■ **Source material**
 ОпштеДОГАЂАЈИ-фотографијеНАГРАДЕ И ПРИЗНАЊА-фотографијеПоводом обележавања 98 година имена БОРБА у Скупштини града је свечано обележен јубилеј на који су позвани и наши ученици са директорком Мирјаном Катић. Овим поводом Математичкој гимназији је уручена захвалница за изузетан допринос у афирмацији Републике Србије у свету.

* * *

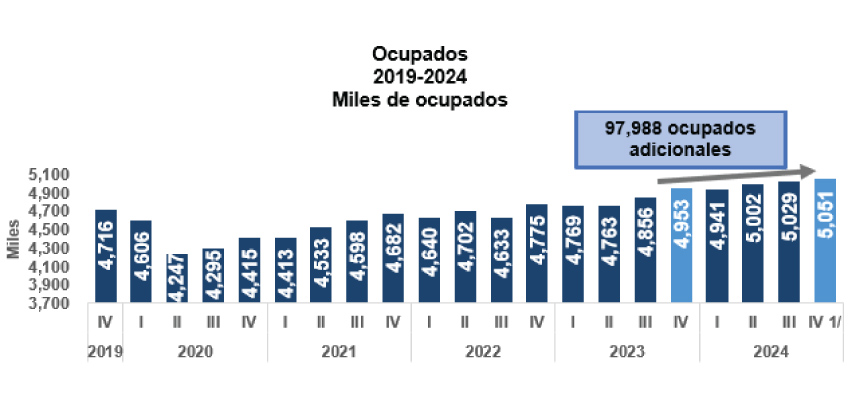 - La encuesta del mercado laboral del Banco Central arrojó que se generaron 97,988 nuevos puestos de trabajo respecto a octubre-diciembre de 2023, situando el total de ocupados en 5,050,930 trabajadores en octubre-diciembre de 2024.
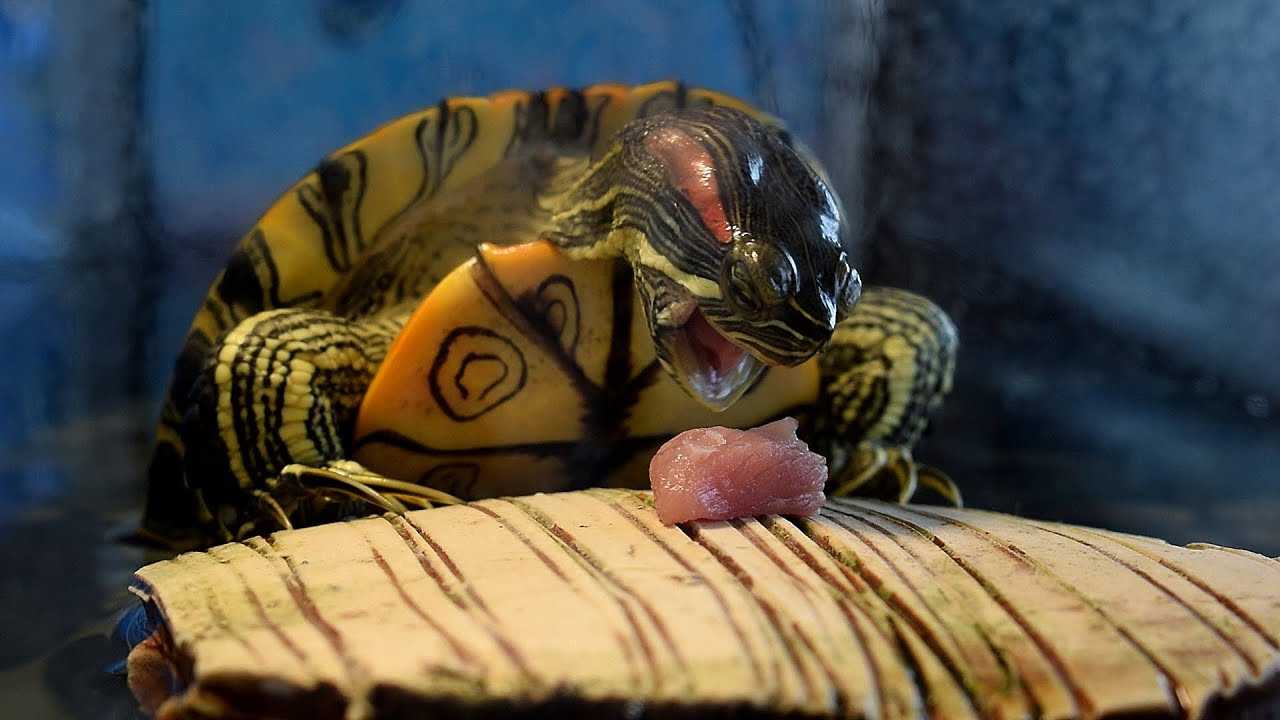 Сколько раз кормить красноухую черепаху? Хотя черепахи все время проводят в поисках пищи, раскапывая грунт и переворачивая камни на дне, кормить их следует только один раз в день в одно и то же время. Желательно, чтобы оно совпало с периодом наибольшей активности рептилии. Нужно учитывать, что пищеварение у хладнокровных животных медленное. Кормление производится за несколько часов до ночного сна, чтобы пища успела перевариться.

■ **Task instructions**
When you reach the line with "- La encuesta" in the records above, start writing out each line exactly, and stop after the line with "Сколько раз кормить". Pictures stay out.

■ **Task response**
 - La encuesta del mercado laboral del Banco Central arrojó que se generaron 97,988 nuevos puestos de trabajo respecto a octubre-diciembre de 2023, situando el total de ocupados en 5,050,930 trabajadores en octubre-diciembre de 2024.
 Сколько раз кормить красноухую черепаху? Хотя черепахи все время проводят в поисках пищи, раскапывая грунт и переворачивая камни на дне, кормить их следует только один раз в день в одно и то же время. Желательно, чтобы оно совпало с периодом наибольшей активности рептилии. Нужно учитывать, что пищеварение у хладнокровных животных медленное. Кормление производится за несколько часов до ночного сна, чтобы пища успела перевариться.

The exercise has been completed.